Here's a synopsis of some of the run times in Big-Oh Notation:
O(1) = constant
examples: a method that's algorithm is independent from the length of the input
why: the method will always execute a certain number of steps that doesn't involve running the entire list, and thereby doesn't depend on the size of the input to determine its runtime
O(log n) = logarithmic
examples: a binary search three
why: the length of the input will be repeatedly cut in half when the algorithm runs, thus cutting the runtime of each subsequent section down by 50%
O(n) = linear
examples: searching through a list
why: running from one end of the list to the other (in a worst case scenario) searching for something will mean that the loop in the algorithm will iterate n times--where n is the length of the input
O(n^2) = quadratic
examples: comparing elements in a list
why: two loops will have to be written in the algorithm; one will run like the linear version (checking every element of the list), while the inner loop will compare the element from the first loop and compare it to every other element in the list--thus, for every n times the out loops is performed in a worst case, it is run n times with the inner loop.
These deal with the idea of efficiency because you want to create the fastest run time possible as a programmer, while executing exactly what your program is designed to do. With the different types of Sorting Methods (Bubble, Selection, Insertion, etc.) it is easy to see, just by looking at the code, that there are less and more efficient ways to sort a collection of objects.
For example, Bubble, Selection and Insertion sort all have a "worst case" runtime of O(n^2) because in the worst case scenario, they will have to compare every element in the list with every other element in the list, reassigning everything.
Alternatively, something like Merge Sort has a faster "worst case" runtime of O(n log n), because it breaks the length of the input (n) into smaller subsections and re-orders those, sort of gluing the whole things back together, instead of checking one item across the length of the list.
As was tested in the lab, there are hybrid methods that combine certain techniques to create even faster run times, and with inputs of Large N, the reduction in Big-Oh upper bounds for the runtime will make a significant difference.
Saturday 29 March 2014
Sunday 23 March 2014
Binary Tree to Linked List
This week's lab assignment proved to be quite tricky (my partner and I worked our way through various problems, but never got it working quite perfectly). While Binary Trees and Linked Lists are similar in function (a root element with up to two children, extending into as many levels as is necessary), it was trickier than anticipated to convert a Binary Tree into a Linked List in the "inorder" traversal.
Our problem was that the recursive algorithm that we wrote worked for a "Standard" sub-tree (one parent, two children), but didn't know what to do with asymmetrical sub-trees and just sort of skipped elements from them. I'll go back and work through that one to make sure I know how to figure it out.

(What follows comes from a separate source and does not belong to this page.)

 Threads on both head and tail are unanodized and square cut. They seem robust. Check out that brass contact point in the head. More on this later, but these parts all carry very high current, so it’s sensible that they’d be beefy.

Our "helper" functions would be called when the "children" were reached (one left helper and one right), and the main return statement would place the sub-tree in the proper Linked List format. This is why it skipped the elements that weren't symmetrical; if you pass one run of the algorithm where the elements don't match, it's going to try and figure out a way to keep going based on the "if/else" statements you've created.
It's always helpful to know why a program doesn't work the way you want it to. By identifying the problems, one can create new methods (no pun intended) to either replace or assist the elements that don't work.

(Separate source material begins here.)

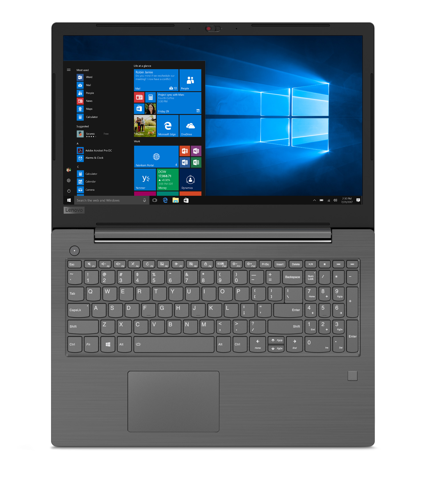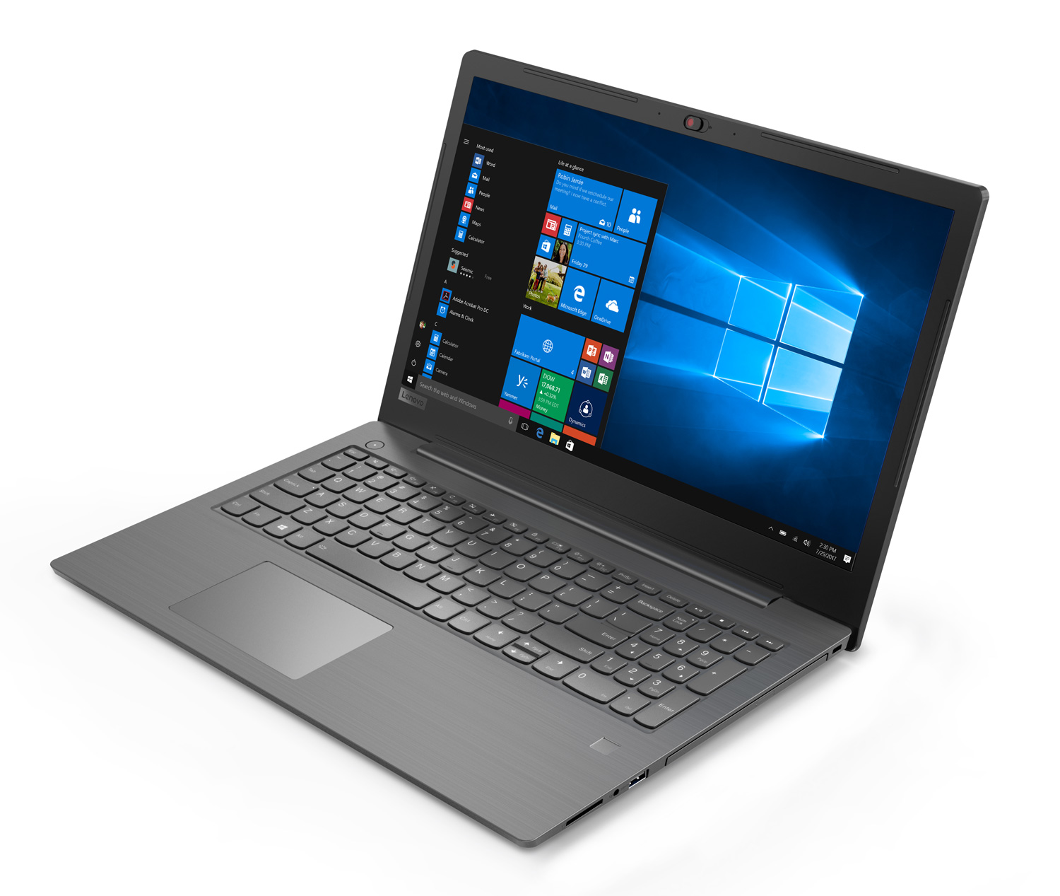Avec sa webcam située au dessus de l'écran, l'appareil supporte les appels vidéo HD pour vos vidéoconférences depuis votre messagerie instantanée. Vous pourrez vous connecter à votre réseau sans-fil très facilement grâce à sa puce Wi-Fi 802.11 b/g/n/ac. Le PC se dote également d'une connectivité Bluetooth 4.1 pour le partage de fichier entre appareils. Son large touchpad et son clavier à touches séparées vous offrent un vrai confort d'utilisation. Certains apprécieront le lecteur d'empreintes pour protéger efficacement leurs données et facilité l'accès à leur PC. Protégez également vos fichiers numériques à l'aide de la puce TPM (Trusted Platform Module), un composant matériel grâce auquel les clés et données chiffrées peuvent être sauvegardées, une option indispensable pour améliorer la protection de vos données. Lenovo annonce une autonomie pouvant atteindre 6h00 de fonctionnement selon votre utilisation.

Our problem was that the recursive algorithm that we wrote worked for a "Standard" sub-tree (one parent, two children), but didn't know what to do with asymmetrical sub-trees and just sort of skipped elements from them. I'll go back and work through that one to make sure I know how to figure it out.
Our "helper" functions would be called when the "children" were reached (one left helper and one right), and the main return statement would place the sub-tree in the proper Linked List format. This is why it skipped the elements that weren't symmetrical; if you pass one run of the algorithm where the elements don't match, it's going to try and figure out a way to keep going based on the "if/else" statements you've created.
It's always helpful to know why a program doesn't work the way you want it to. By identifying the problems, one can create new methods (no pun intended) to either replace or assist the elements that don't work.
Sunday 16 March 2014
Regex vs. Binary Trees
The trickiest difference between Regex Trees and Binary Trees is the Star node, which can only ever take one child. It means creating a program that can differentiate between one or two children (no blanket recursion).
The Binary Tree will start at a root, and while there may only exist one child per node, there will be a placeholder of a Nonetype that the methods can iterate over or search for to interpret or dissect the Tree itself. As noted last week, a Binary Tree can be traversed and its order understood and reconstructed if necessary.
The Regex Tree also starts at a root, but the rules for how the Tree can extrapolate are different. There needs to be a more specific parsing algorithm for each level of leaves, which gets more complex the more nested the level is. As mentioned in the beginning, the Star Node is the catch in parsing a tree--since Dot and Bar Nodes act much the same way. In order to make sure an instance is valid, the Star Node must have one child (any other node, which can then continue to branch out). This means that there is only ever one linear connection through the Star Node.
As an example:
The Binary Tree will start at a root, and while there may only exist one child per node, there will be a placeholder of a Nonetype that the methods can iterate over or search for to interpret or dissect the Tree itself. As noted last week, a Binary Tree can be traversed and its order understood and reconstructed if necessary.
The Regex Tree also starts at a root, but the rules for how the Tree can extrapolate are different. There needs to be a more specific parsing algorithm for each level of leaves, which gets more complex the more nested the level is. As mentioned in the beginning, the Star Node is the catch in parsing a tree--since Dot and Bar Nodes act much the same way. In order to make sure an instance is valid, the Star Node must have one child (any other node, which can then continue to branch out). This means that there is only ever one linear connection through the Star Node.
As an example:
STAR
|
STAR
|
|
LEAF
This creates a single track linear trajectory to the only Leaf from the Root (the first Star Node).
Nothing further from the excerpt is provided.